Remove All Ones With Row and Column Flips medium

Problem Statement

You are given a 2D integer array matrix where matrix[i][j] represents the element at the i-th row and j-th column of the matrix.

A row or column flip is an operation where you select a row or column and set all elements in that row or column to 1.

Determine whether it's possible to make all elements in the matrix equal to 1 using at most one row flip and one column flip.

Example 1

Input: matrix = [[0,1],[1,0]]

Output: true

Explanation: Flip the first row and the second column to make all elements equal to 1.

Example 2

Input: matrix = [[1,0],[0,0]]

Output: false

Explanation: It is not possible to make all elements equal to 1.

Steps and Explanation

The core idea is to analyze the possibilities efficiently. We don't need to exhaustively check all combinations of row and column flips. Instead, we can strategically focus on:

  1. Check rows first: For each row, consider what the column flips would have to be to make that row all 1s.

  2. Consistent Column Flips: If, after checking all rows, a particular column requires a flip inconsistently (i.e., sometimes needs to be flipped, sometimes doesn't), then it's impossible.

  3. No flips required: If every row already has all 1s, we're done.

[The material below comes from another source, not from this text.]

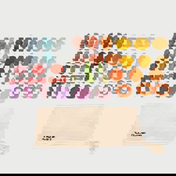 The attractive natural woodgrain can be seen through the colour shade which freely allows for open interpretation, with no 'correct' way of using these objects; the items can be explored and investigated and used in your child's own creative ideas. Perfect for engaging logical thought, stimulating discovery and creativity, developing hand-eye co-ordination and improving fine motor skills. The set can be used to create pictures and stories, practise counting and sorting and designing patterns and sequences.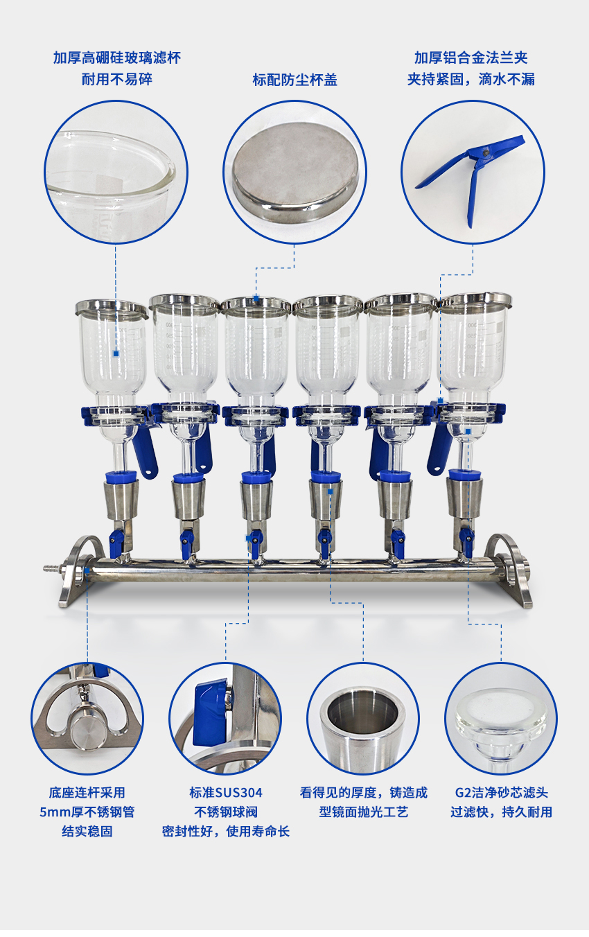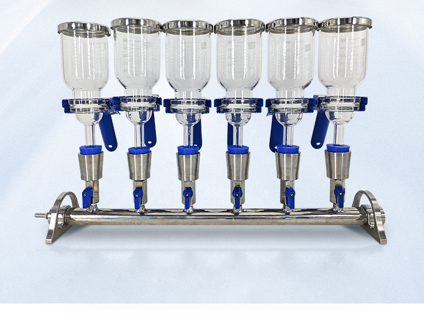 4. 靈活多樣的過濾頭選擇:過濾頭有單聯及多聯(二聯、三聯、四聯、六聯或其他聯數定制)可選。多聯可同時抽濾,提升工作效率;每個濾頭又能獨立控制,方便操作人員靈活運用。

  4. One row flip: If we find a scenario where a single row flip followed by consistent column flips can make everything 1s, it's true.

  5. No solution: If none of the above are true, then it's false.

Here's how we code this logic:

Code (Java)

class Solution {
    public boolean removeOnes(int[][] matrix) {
        int rows = matrix.length;
        int cols = matrix[0].length;

        // Check if all elements are already 1
        boolean allOnes = true;
        for (int i = 0; i < rows; i++) {
            for (int j = 0; j < cols; j++) {
                if (matrix[i][j] == 0) {
                    allOnes = false;
                    break;
                }
            }
            if (!allOnes) break;
        }
        if (allOnes) return true;


        for (int i = 0; i < (1 << rows); i++) { // Iterate through possible row flips
            boolean possible = true;
            boolean[] colFlips = new boolean[cols]; // Track column flips for this row flip scenario

            for (int r = 0; r < rows; r++) {
                boolean rowFlip = (i >> r) % 2 == 1; // Check if row r needs flipping

                for (int c = 0; c < cols; c++) {
                    int val = matrix[r][c];
                    boolean shouldFlip = rowFlip ? (val == 0) : (val == 0);
                    if (shouldFlip) {
                        if (colFlips[c] == true) { // Inconsistent
                            possible = false;
                            break;
                        }
                        colFlips[c] = true;
                    }
                }
                if (!possible) break;
            }
            if (possible) return true;
        }
        return false;
    }
}

Complexity Analysis

  • Time Complexity: O(2R * R * C), where R is the number of rows and C is the number of columns. This is because we iterate through all possible row flip combinations (2R) and for each combination, we examine each cell (R * C).

  • Space Complexity: O(C), due to the colFlips boolean array which stores the column flip status for each combination. The space complexity is not dominated by the input matrix itself.